Вижу, Проня вдернул ленту и пустил очередь. Игренька мой задурил, испугался. Я взяла его под уздцы, уговариваю:

— Игренюшко, батюшко, обожди…

За пешими белыми появились повозки. Солдаты к мосту рвутся, палят в нас. У нас то один падает, то другой. Подводы сгрудились, мы не знаем, что делать, Андрюша кричит:

— Огонь! Огонь!

Смотрим, белые на мост бегут.

Тут Андрей махнул рукой. Микиша подпрыгнул к бочке и вышиб обухом днище. Керосин как хлынет! Микиша отбежал и кинул в лужу гранату. Белые уже на мост вступили. Граната кувырком да в керосин, да как ахнет! И начало пластать! Пламя заиграло, дым пошел.

Мой Игренько задрал башку, рвется из оглобель. Толкает меня. Я иду взад пятки. Затолкал меня в тюремный двор.

— Да чего мне с тобой делать, дурак! — говорю ему чуть не со слезами.

Наконец вывела я Игренька, смотрю и ничего понять не могу. Своих не узнаю. Бестолочь, суета какая-то. Строятся цепи, куда-то идут, вершные скачут, стрельба, «ура» кричат.

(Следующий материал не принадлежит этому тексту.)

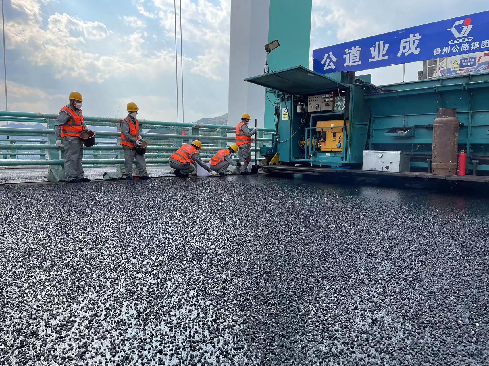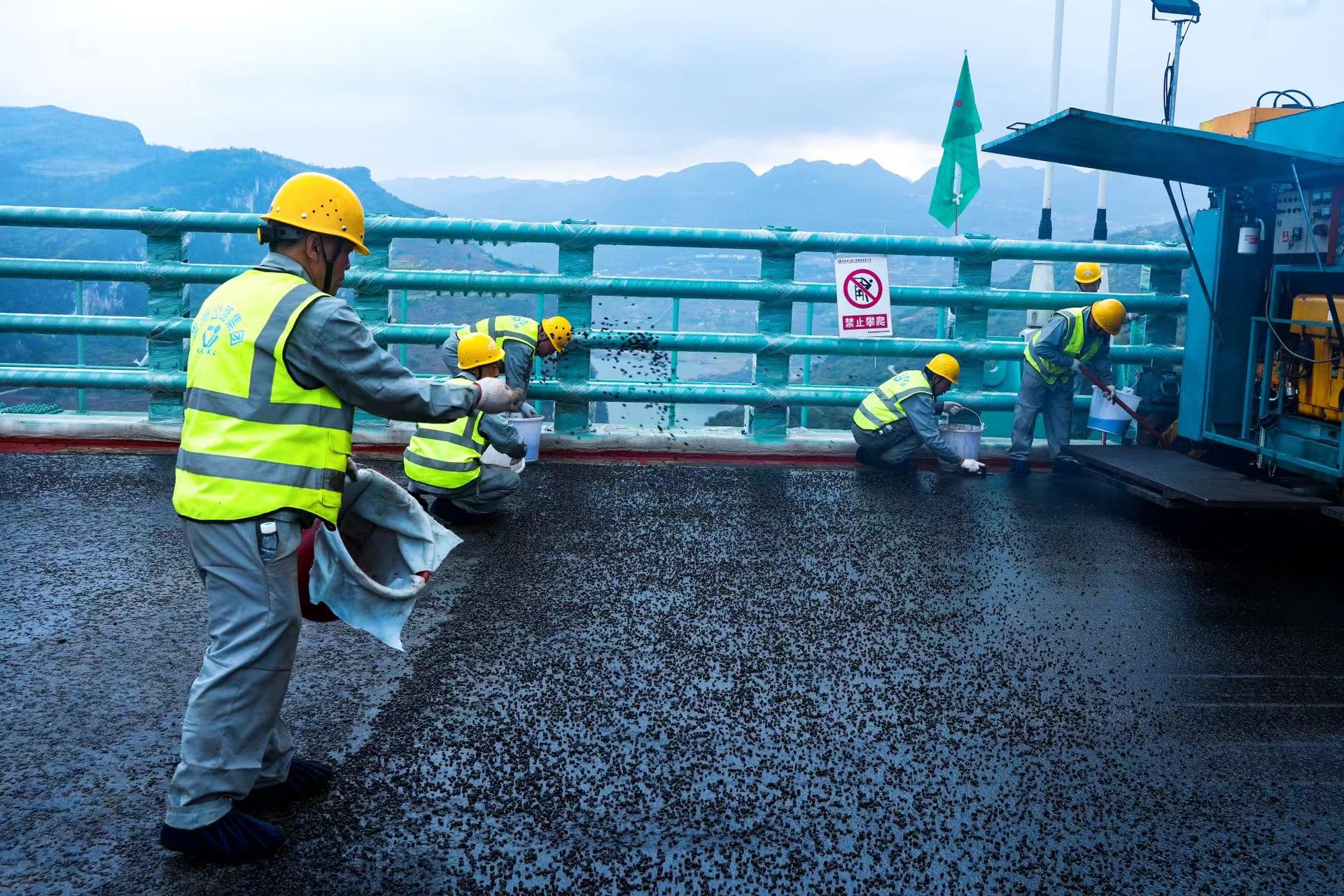 贵州升级港珠澳大桥铺装技术,金烽乌江特大桥钢桥面铺装正在进行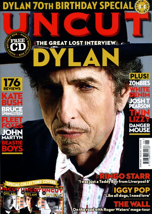 Below: June 2011, 18 pages. 'Dylan 70th Birthday Special', included the 16-track CD 'Happy Birthday Bob', containing 4 covers and 12 birthday songs. This special issue came with 4 different Bob Dylan cover stories for both magazine and CD (the content of the magazine and the 12 tracks of the CDs are identical): The .pdf is here.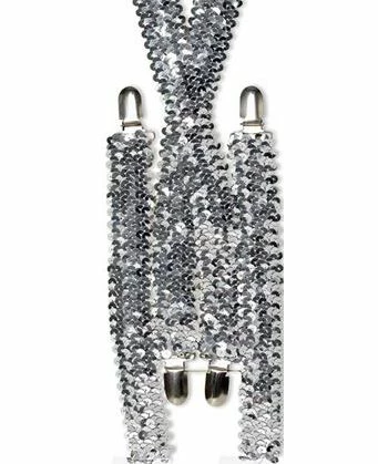 These sparkly silver sequin braces will be great with a gangster fancy dress costume! One size fits most adults. Add some shine to any costume or themed fancy dress party in the silver braces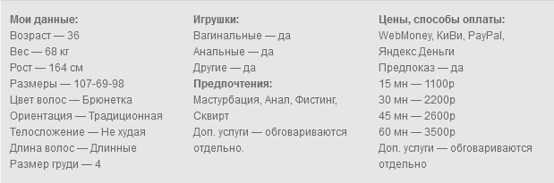 В моем шоу вас ждут всевозможные игры с разными игрушками, глубокий минет, анал, двойное проникновение, фистинг, золотой дождик и конечно всевозможные ваши пожелания которые с большим удовольствием выслушаю и постараюсь максимально осуществить их через telegram или любой другой мессенджер по веб камере.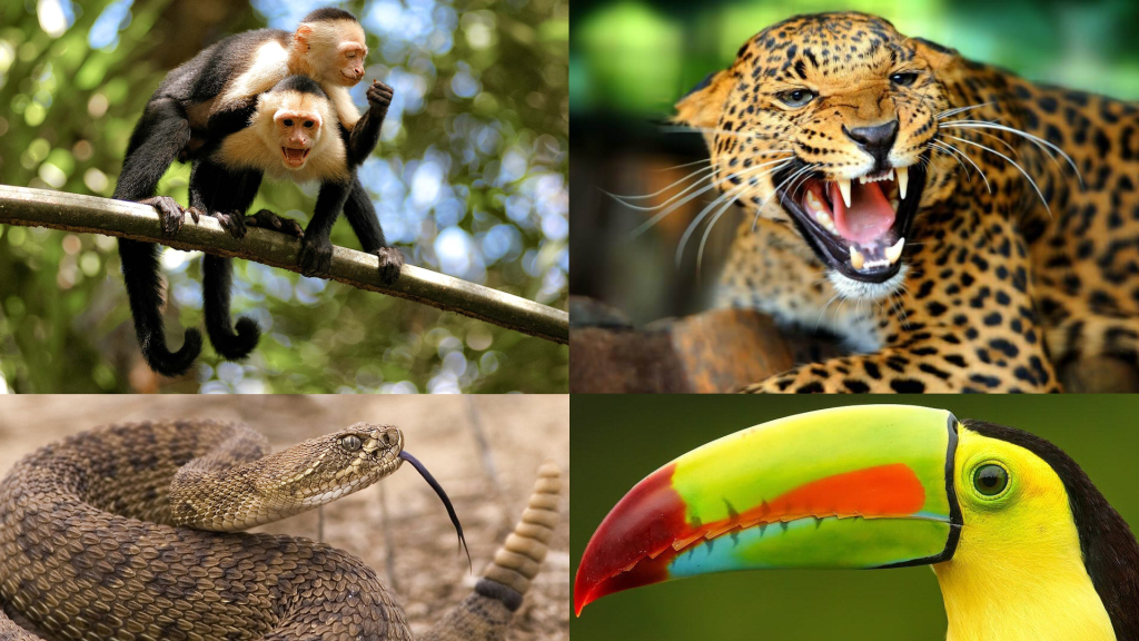 There is a wide variety of animals such as; Sloths, Monkeys, Jaguars, Pumas,Toucans and a large variety of Small Birds, Frogs, Spiders, Reptiles and more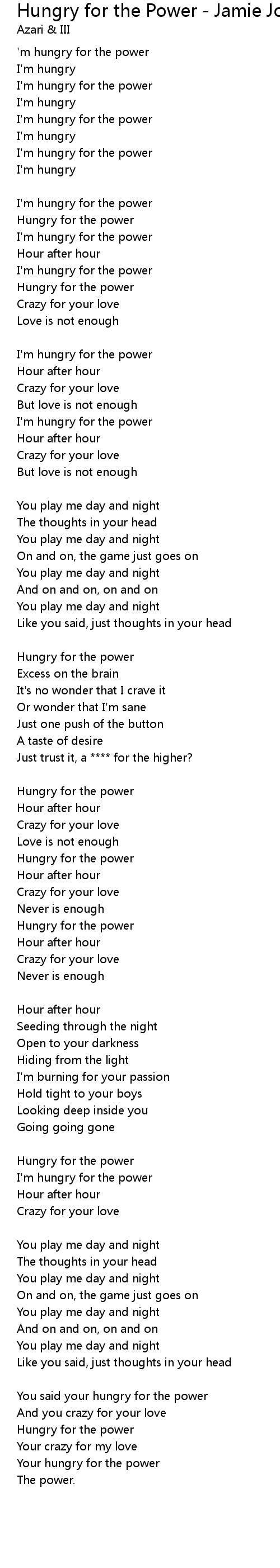 I'm hungry for the power |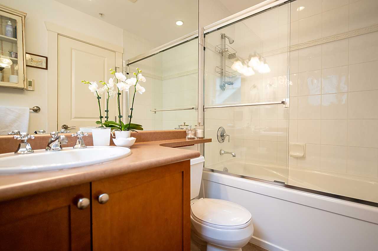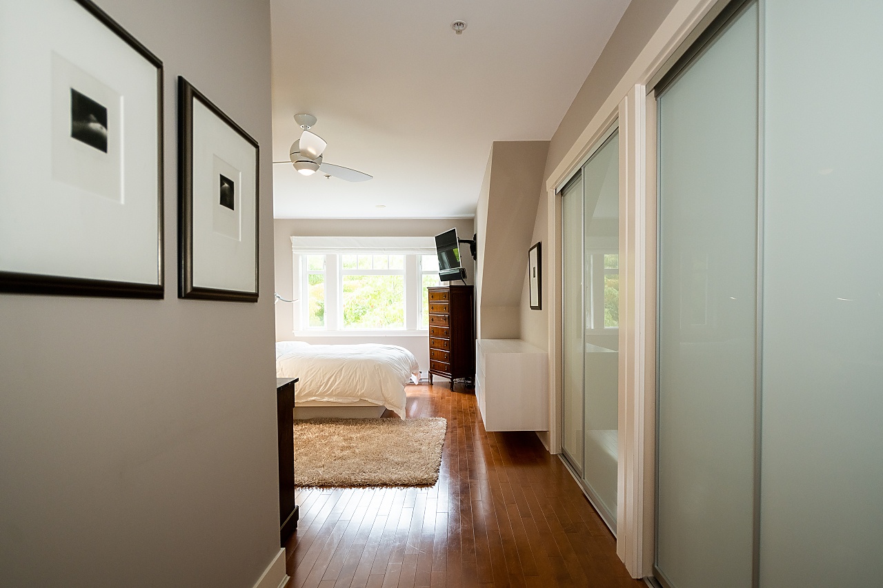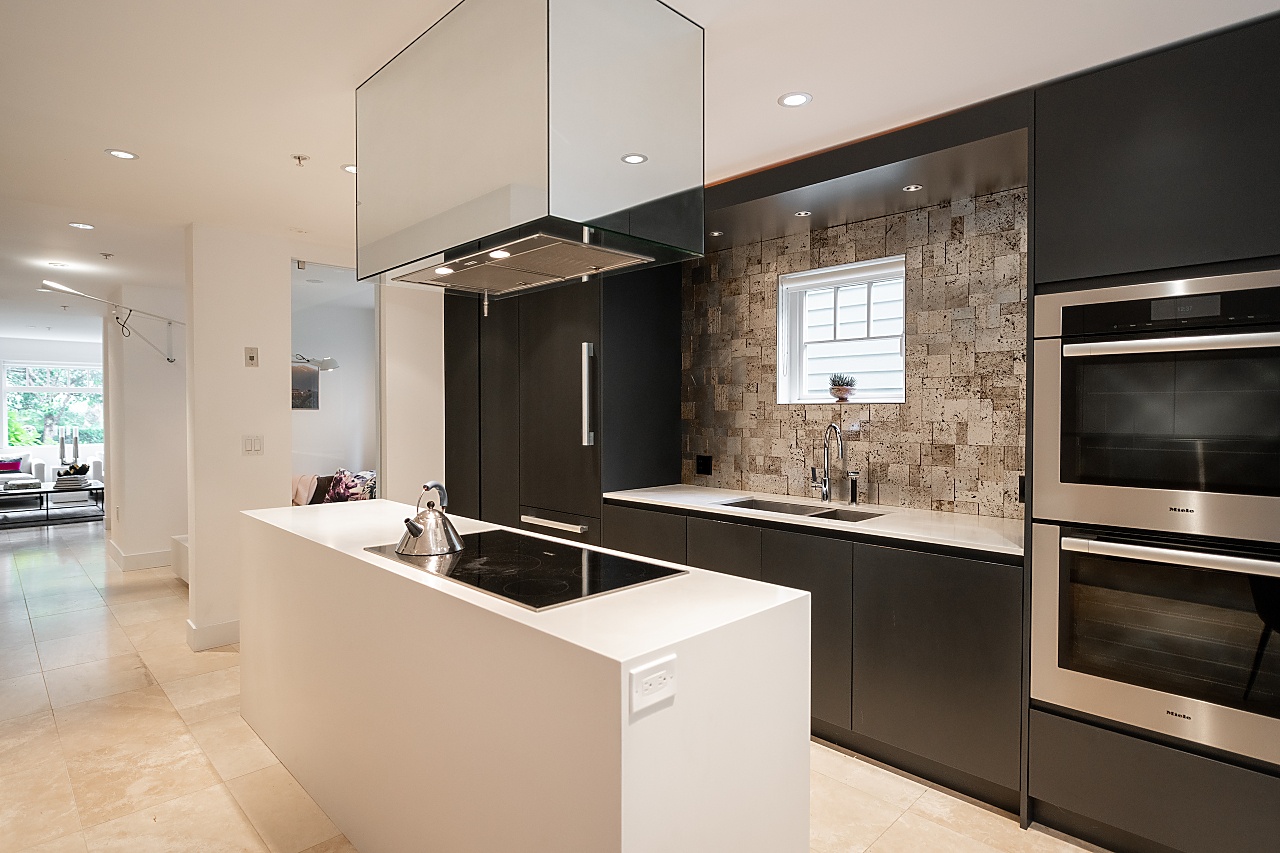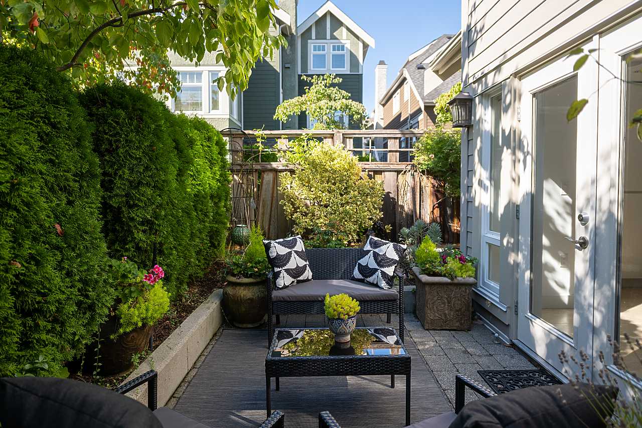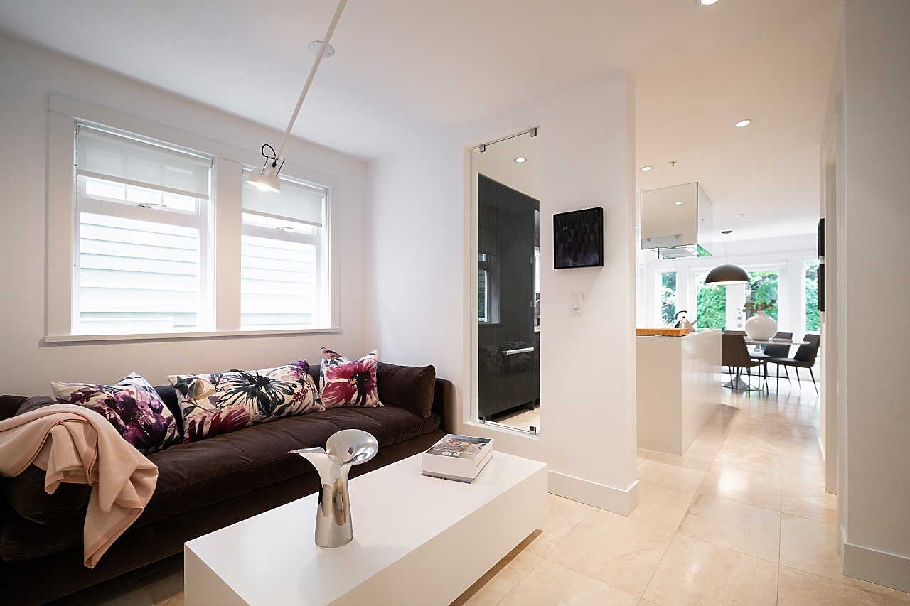 This exquisitely renovated water-view 1/2 duplex is set on a beautiful tree-lined street in an exclusive Point Grey neighbourhood in the coveted Sasamat Gardens development. Superb designer features abound throughout the spacious 2469 sq. ft. interior with 3 bedrooms, 4 bathrooms, and 2 offices. Features include gorgeous heated travertine floors on the main-level and gleaming engineered hardwood on the upper floors. The sleek contemporary kitchen and the dining area open via French doors to a sunny, wonderfully private south-facing patio. The top-level, with 2 decks, offers water and city views, built-in office and a bedroom (currently used as a rec room). The lower-level with soaring over-height ceilings offers a massive storage room, an office with built-in cabinetry, and direct access to 2 parking in the underground parkade. Sasamat Gardens features a beautiful garden courtyard, gym and meeting room. This outstanding home is within minutes of West 10th Ave shops, restaurants, transit, schools, UBC and the University Golf Club.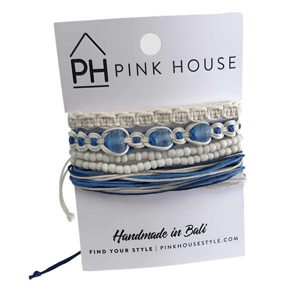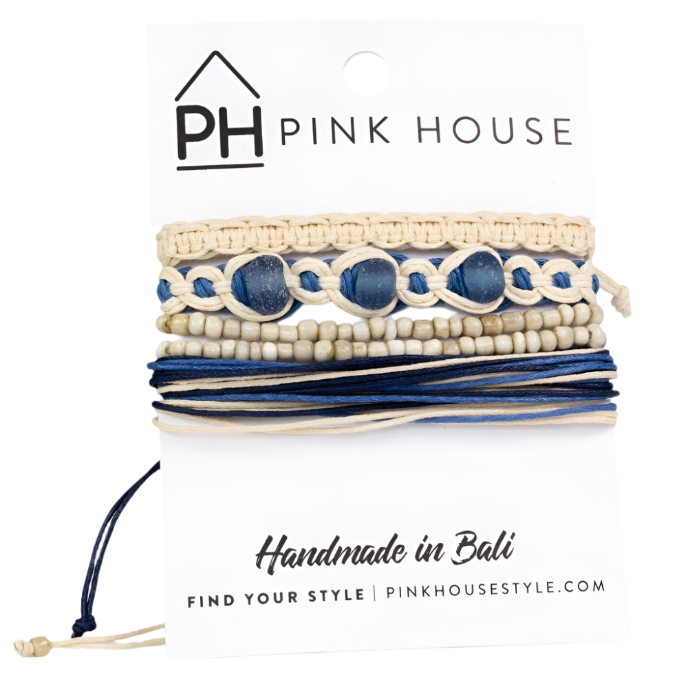 Transform your wrist with a touch of fun and color with the Pink House Color Stack Pull Bracelets! This set of 4 handcrafted bracelets features a sliding knot clasp for easy adjustment and can be worn together or individually for various styles. Handmade in Bali, these bracelets are the perfect addition to your accessory collection.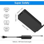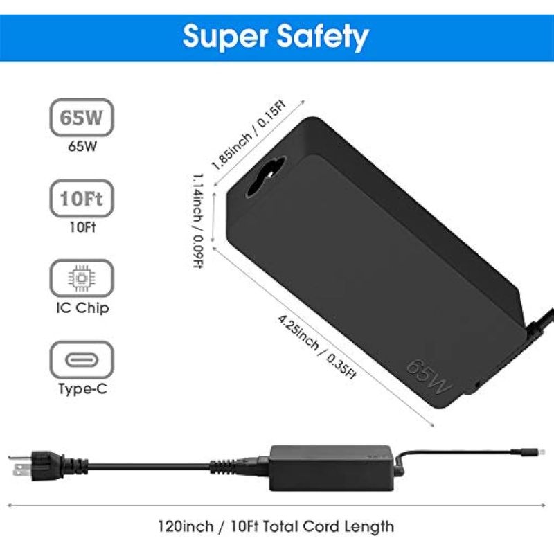 Entrada: CA 110-240 V; Salida: DC 20V 3.25A 15V 3A 9V 3A 5V 3A, Max 65 Watt; Reemplazo para adaptador de corriente de cargador USB C Lenovo no apto para punta redonda o micro USB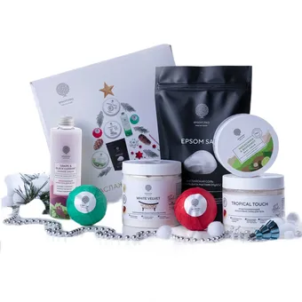 Этот набор создан для тех, кто считает ванну лучшим способом борьбы с испытаниями зимы. Восемь продуманных средств превращают уход за собой в полноценное домашнее спа: английская соль снимает напряжение и помогает расслабиться, крем-гель и крем-баттер деликатно ухаживают за кожей, а смеси для ванны и ароматные бомбочки дарят глубокое восстановление и комфорт.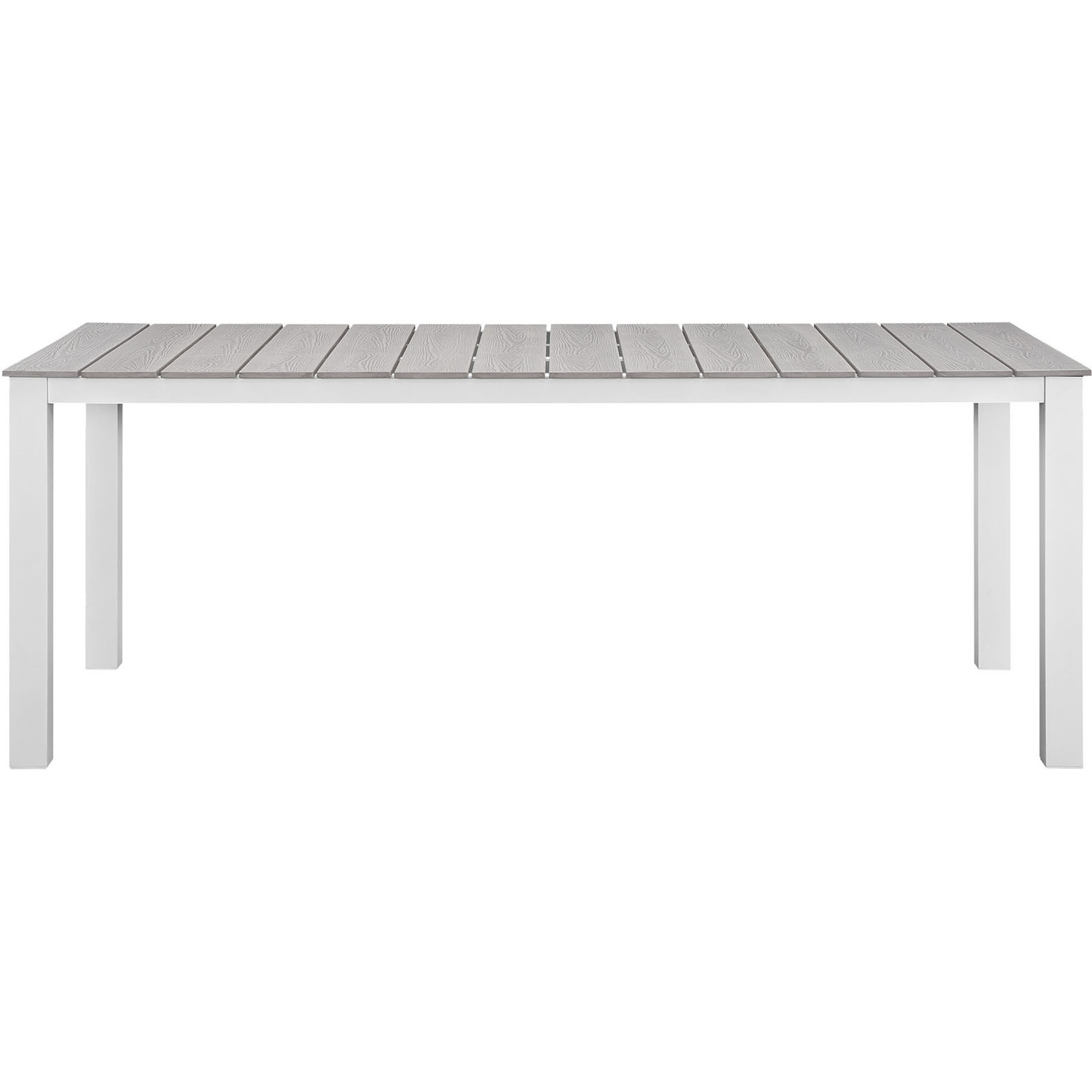 Bordered by the Atlantic Ocean rests the Maine Outdoor Patio Dining Furniture Collection. Distinguished by its synthetic wood grain plank boards, powder-coated aluminum frame, inspired design, and rich organic feel, Maine Outdoor Dining Set stands out as a versatile series for outdoor dining. This contemporary modern patio dining set is perfect for contemporary patios, backyards, poolside, and other outdoor lounge areas.Modern Outdoor Dining Set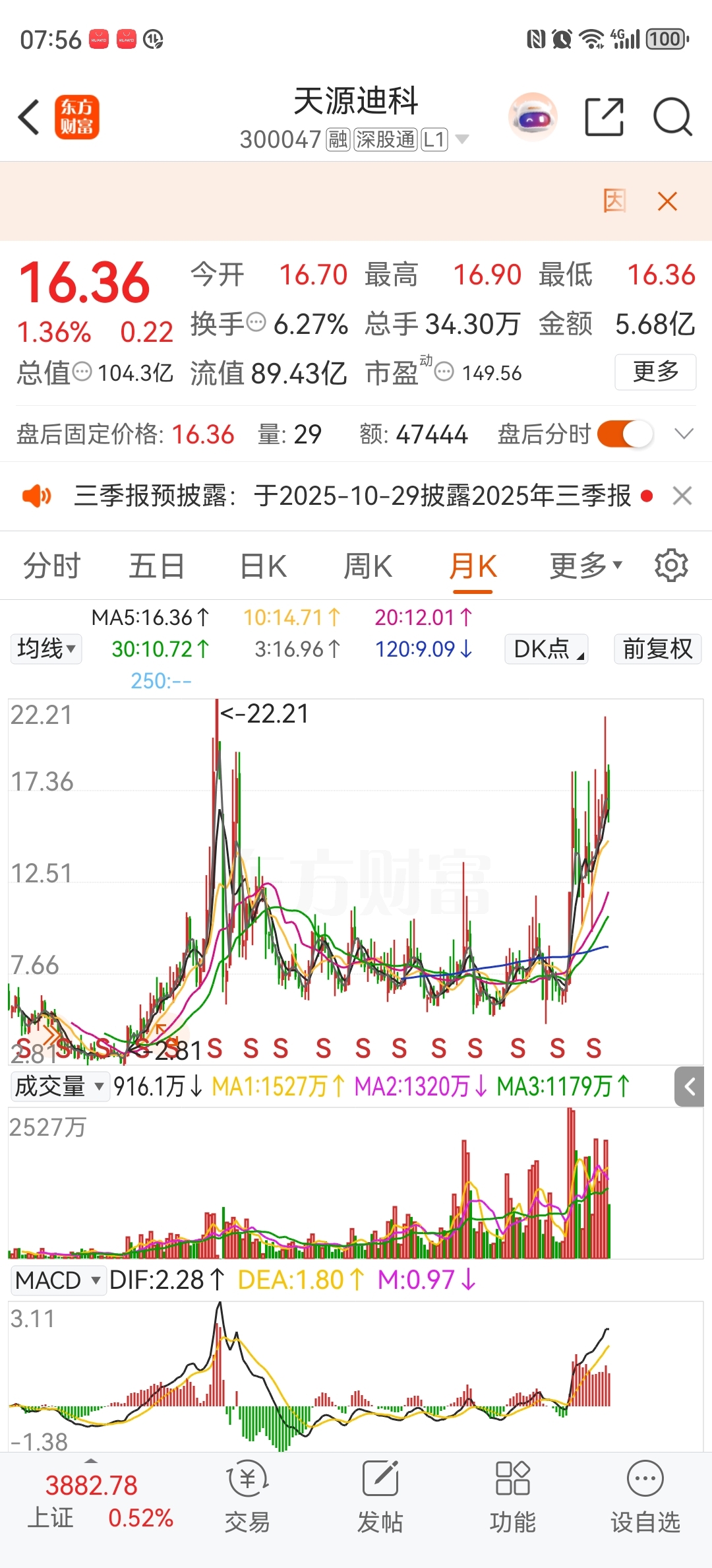 $天源迪科(SZ300047)$ 历史双顶,想进的请看下8月26日和9月18日走势。目前本人套近20个点。再次提醒,耗自为汁!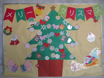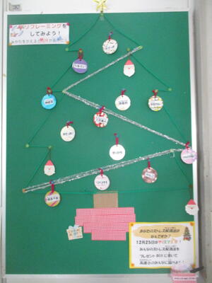 図書室前と保健室前に、クリスマスツリーが掲示されていました。どちらも子どもたちと一緒に創り上げる仕かけがされていて、子どもたちも楽しみに見ています。いつもアイデアいっぱいにです。

Потом все стихло. Нас, подвозчих, погнали в город на площадь. Тут меня и нашел Прокопий. Он пришел весь измазанный, как трубочист.

VII

В городе мы продержались до утра, пришлось нам уходить. Городские отряды грузились в вагоны, а мы пошли по тракту. Помню, около станции надо было с дороги сворачивать. Броневик испортился, и его гужом везли к вокзалу. Запрягли двенадцать лошадей, понужают их, кричат. Лошадки все в мыле, изнатужились, зубы оскалили. Я глядеть на них не могла.

А оставить машину никак нельзя. Такие-то машины да отдавать белым — пробросаешься.

Дошли мы до села. Солнце встало, птицы запели. Слышим, в городе звонят «во вся». Буржуи встречают белых.

Широка была дороженька, по которой мы отступали! Колеи пролегали в несколько рядов. Затянуло их травой. Посередине, по песочной дороге, по солнцепеку подводы шли, а пешие по опушке, в прохладе.